Remote working tools are the hot new thing, but nothing effectively solves the timezone issue. Sure, we have async communication, but unless someone is logging in after hours (which I would heavily discourage), you only get one exchange (i.e. an email or Slack message) per day. That's a painfully slow way to collaborate.
That being said, there are roles where the time difference doesn't matter, and is advantageous. NOC and helpdesk (if helpdesk is 24 hours) are well suited to a "follow the sun" model. The team communication seems largely limited to passing off info about incidents, with very occasional full group meetings to give new policy info. They just aren't the prestigious roles typically associated with SV.
As mentioned below, there are political reasons you might not want to this. And, there are some logistical hurdles in terms of local regulations which, in my experience, can be overcome and plenty of companies have shown that is the case.
So, to answer your question specifically, the reason to compete for talent in Silicon Valley/locally is exactly what you mentioned: the challenges due to different time zones.
Engineering is inherently a collaborative discipline despite the fact that much of the work is done in a solitary fashion.
Each degree of separation makes collaboration harder. The first degree is when you are not sitting next to your collaborators. And it goes on from there: perhaps when the are on another floor, or even another building, in another city, country, timezone, etc.
The most distance you add to the equation, the harder collaboration becomes.
Why are people constantly threatening us with things that happened 20 years ago? Especially when we've been buried in hysteria over it for decades.
I think the biggest challenge is finding the right people that meet your level of expectations. This is a challenge no matter where the person is located.
Helping companies offshore work destroys local jobs, depresses salaries and helps the rich get all the richer at a time where they've already taken a disproportionate amount of the gains from the increases in productivity since the 70s and in that time, as the panama papers et al. have shown, have done all they can to hide those profits from the societies that generated them.
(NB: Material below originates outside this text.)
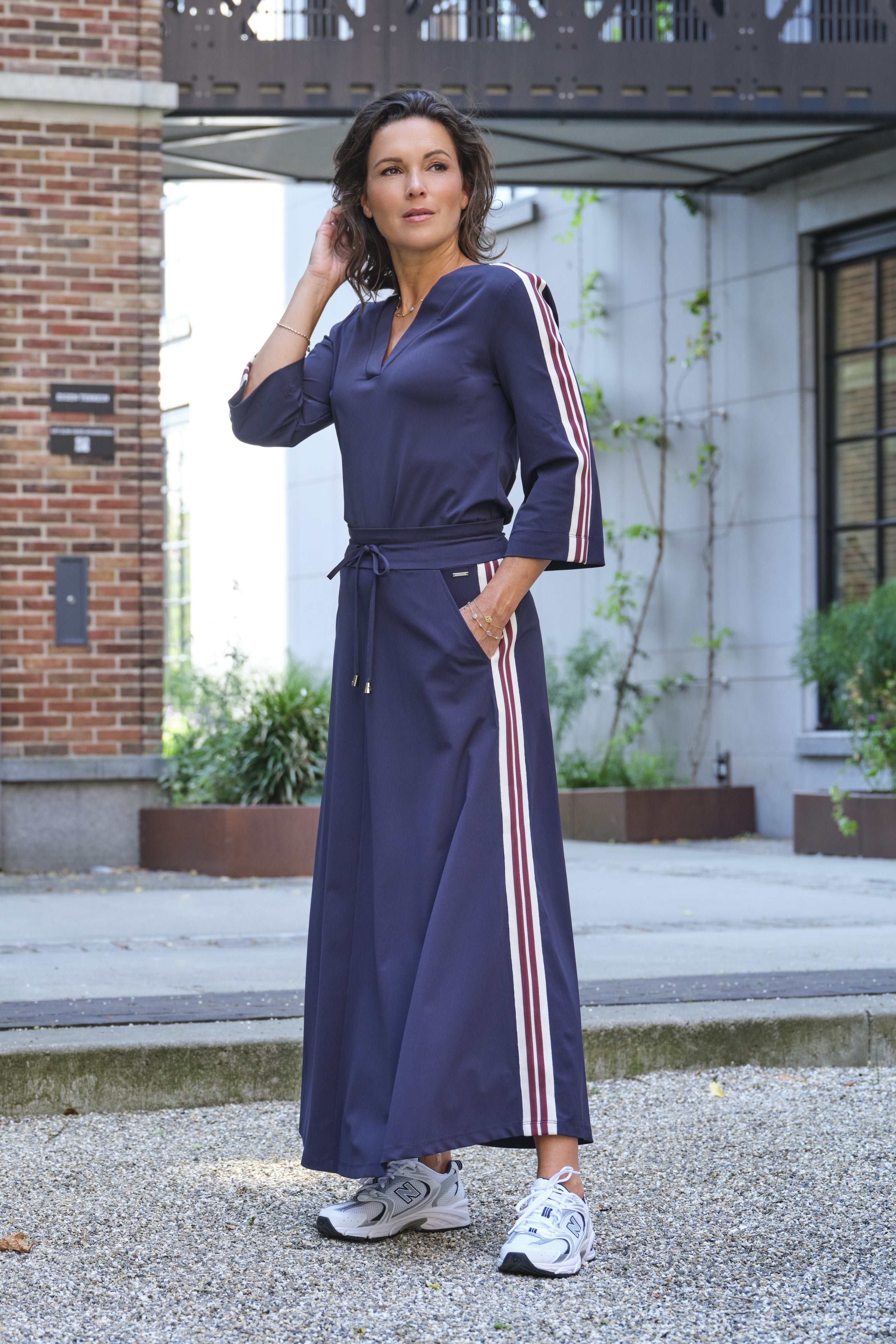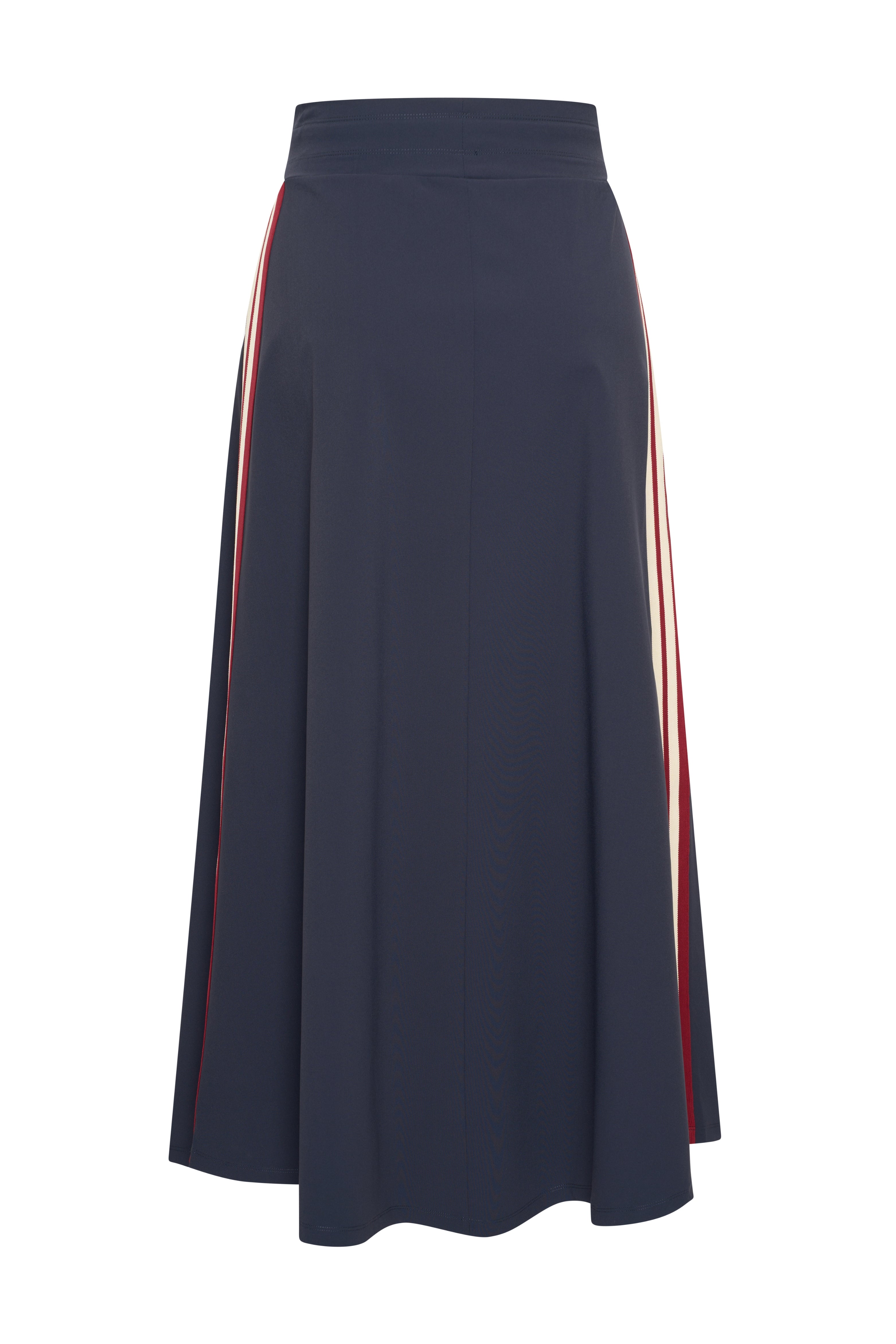 De Travel Rok Tape Navy van Mi Piace is een elegante midi-rok met een comfortabele pasvorm. Dankzij de elastische tailleband met strikkoord draag je ‘m de hele dag moeiteloos stijlvol.

I'm also pretty staunchly anti-globalism so it would make a hypocrite of me if I did.
As a hiring manager, a large part of my filtering of candidate resumes / applications is focused on being able to validate their credentials e.g. who they've worked for, where they were educated and how they did there, any repos / sideprojects etc. and make my opinion based on the composite.
If I can't easily validate those credentials then I move on. India has a reputation for spinning up "colleges" to pump out "engineers"[0], to the point where they now recognize the issue caused and are trying to put further efforts on hold [1], and so assessing the educational credentials of a candidate who has not explicitly attended IIT becomes a minefield.
Validating non-local experience is a similar minefield. Instead of recognizing previous employers and having some idea of the work they do and the quality of it, one has to start googling the companies, diving into websites / glassdoor / etc. to find out what calibre they are. Another point against hiring globally for me.
Overall, I would be no more hesitant about hiring Indians in India than I would anyone else in a foreign country with a resume that is difficult to validate, but it's not something I will ever support as I believe in creating local jobs and supporting the local society and economy wherever possible.